Exercise description:
Reproduce the data below exactly. Skip the pictures.

The data:
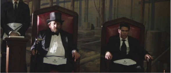 En segundo lugar, se podría decir que son también no-diegéticos todos esos elementos que quedan claros para el espectador y ocultos para los personajes dentro del filme. Y que, en ocasiones, resultan dando un giro a la trama cuando se convierten en diegéticos. En el caso de la masonería, que en ninguno de los casos anteriores llega a ser un plot-twister, se podría argumentar que su inclusión en los filmes responde al proceso de enunciación que, a decir de algunos teóricos y críticos de los años 60, 70 y 804[4] del siglo pasado, estructura la relación del espectador con el filme y que -por ende- lo enunciado es producto de la enunciación y de su lugar ya que, al igual que el lenguaje, es una construcción social.
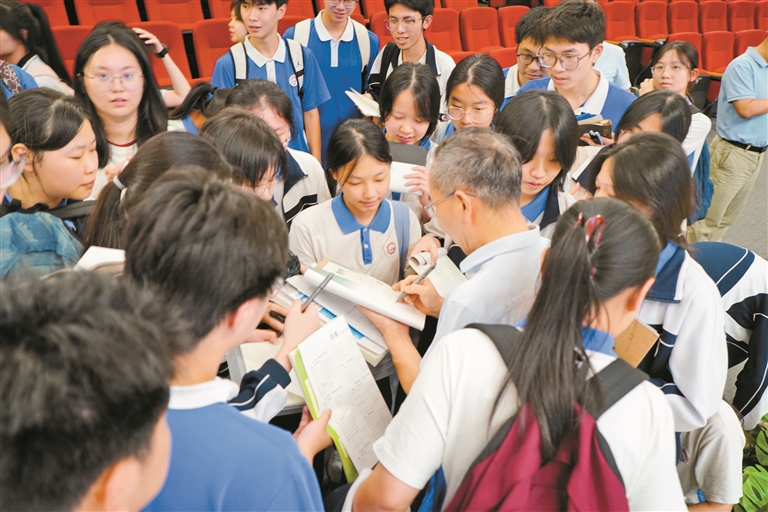 活动结束后,师生们怀着崇敬与激动的心情争相向院士求签名留念。
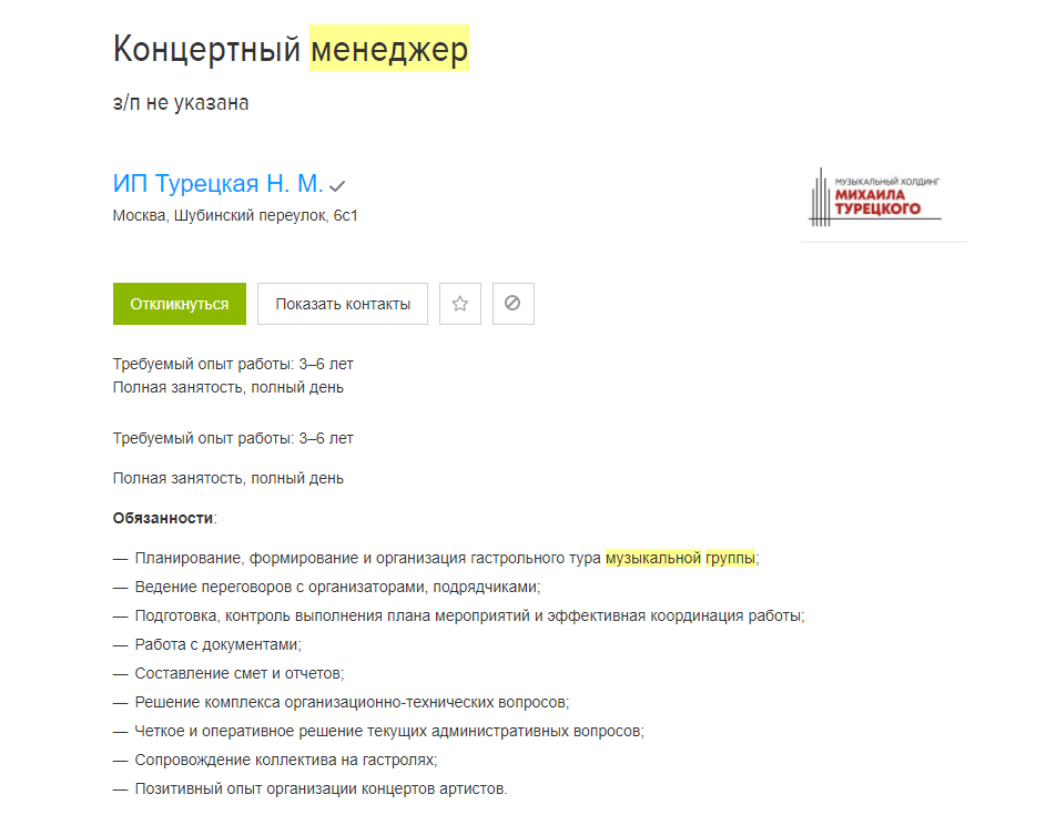 У начинающих артистов всю работу обычно делает один человек. А на успешных музыкантов часто трудится команда, где у каждого своя роль. Например, у них есть концертный директор, SMM-специалист, на аутсорсе юрист и бухгалтер. Если музыкант работает с лейблом, его личный менеджер может делить задачи с сотрудниками лейбла.
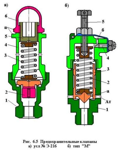 Предохранительные клапаны типа «М» (Рис. 6.5 б) устанавливаются на электровозах чешского производства. Клапан имеет корпус 1, в котором расположен нагруженный пружиной 2 срывной клапан 3 стаканчатого типа. Необходимое усилие пружины обеспечивается регулировочным винтом 5. Клапан 3 имеет рабочую (малую) площадь воздействия сжатого воздуха, равную диаметру седла клапана в корпусе, и срывную (большую) площадь, равную диаметру клапана 3.

Written response:
 En segundo lugar, se podría decir que son también no-diegéticos todos esos elementos que quedan claros para el espectador y ocultos para los personajes dentro del filme. Y que, en ocasiones, resultan dando un giro a la trama cuando se convierten en diegéticos. En el caso de la masonería, que en ninguno de los casos anteriores llega a ser un plot-twister, se podría argumentar que su inclusión en los filmes responde al proceso de enunciación que, a decir de algunos teóricos y críticos de los años 60, 70 y 804[4] del siglo pasado, estructura la relación del espectador con el filme y que -por ende- lo enunciado es producto de la enunciación y de su lugar ya que, al igual que el lenguaje, es una construcción social.
 活动结束后,师生们怀着崇敬与激动的心情争相向院士求签名留念。
 У начинающих артистов всю работу обычно делает один человек. А на успешных музыкантов часто трудится команда, где у каждого своя роль. Например, у них есть концертный директор, SMM-специалист, на аутсорсе юрист и бухгалтер. Если музыкант работает с лейблом, его личный менеджер может делить задачи с сотрудниками лейбла.
 Предохранительные клапаны типа «М» (Рис. 6.5 б) устанавливаются на электровозах чешского производства. Клапан имеет корпус 1, в котором расположен нагруженный пружиной 2 срывной клапан 3 стаканчатого типа. Необходимое усилие пружины обеспечивается регулировочным винтом 5. Клапан 3 имеет рабочую (малую) площадь воздействия сжатого воздуха, равную диаметру седла клапана в корпусе, и срывную (большую) площадь, равную диаметру клапана 3.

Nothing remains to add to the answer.